Purtle, J., dissents.

John I. Purtle, Justice,

dissenting. I do not know whether Barney Lee Doles is guilty or not. Given only the evidence presented to the jury I probably would concur in their judgment. However, the problem is that the trial court refused to allow a statement of an eye-witness to the *303homicide to be considered by the jury. The statement was taken by police officers while they were investigating this incident. Mary Lisa Dean, who was the decedent’s roommate at the time of the homicide, gave a statement which was very exculpatory to the appellant. In her statement she said: “Barney was already in the house and I assumed the door was locked,”; “I heard Mr. Doles tell Sonny not to come any further.”; “The whole time he was begging Sonny to go home and leave him alone.”; “... Sonny kept walking in the house and looked at me and said, ‘I don’t give a damn.’”; “Sonny turned around and groaned at me and j ust fell on the stairs. ’ ’ I quote only small segments of the statement but one can readily see the effect it could have had on the jury. It should have been admitted pursuant to Uniform Rules of Evidence, Rule 804. This rule exempts certain hearsay testimony from exclusion under Uniform Rules of Evidence, Rule 802 (the hearsay rule). It is my opinion that the statement was admissible under Rule 804 (b) 5. It was evidence of a material fact; it was more probative than any evidence the appellant could procure through reasonable efforts; and I think that it tended to further the interest of justice and should have been admitted into evidence. Furthermore, the statement was taken by police officers during their investigation of the shooting and thus should be considered as having “equivalent circumstantial guarantees of trustworthiness” as required under this rule.

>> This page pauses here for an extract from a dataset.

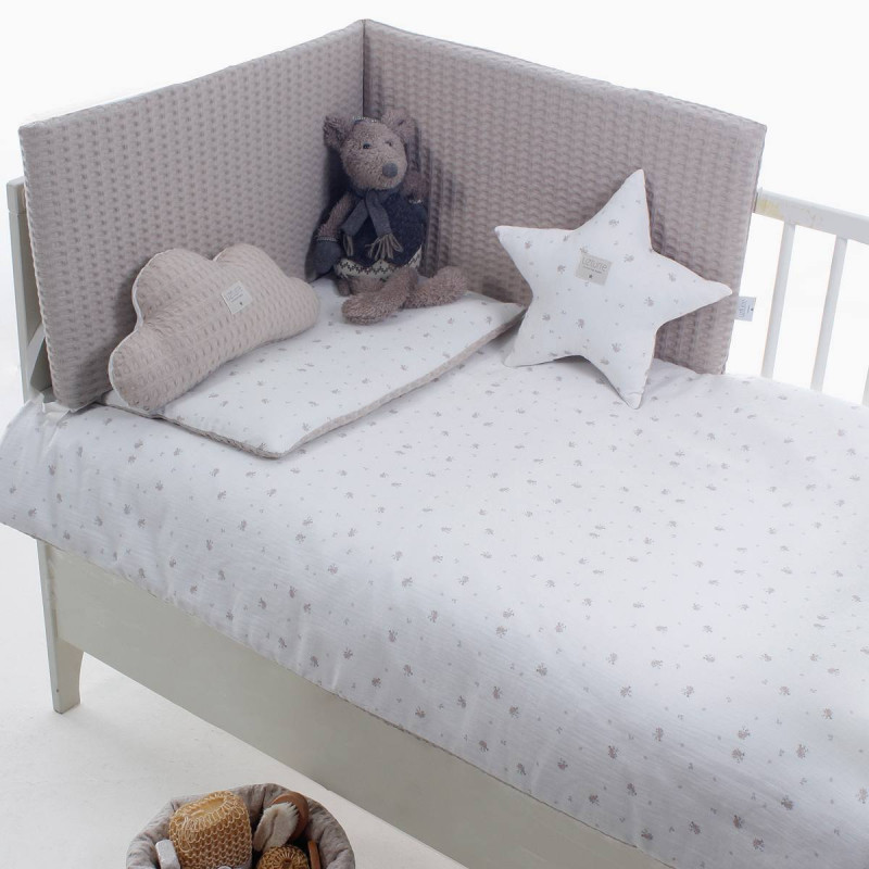 Pack de cuna compuesto por nórdico (funda y relleno) y protector, totalmente desenfundable y reversible

It is undisputed that both the appellant and the state made reasonable and sincere efforts to locate the witness. It is probable she was or is in Canada. In any event she was unavailable to testify in this case. In fact it was stipulated that she was unavailable for this trial. I would not have granted a continuance but would have admitted the statement under the belief that the interests of justice would be best served by admission of the statement into evidence. In my opinion it was prejudicial error to refuse to allow the statement to be considered by the jury.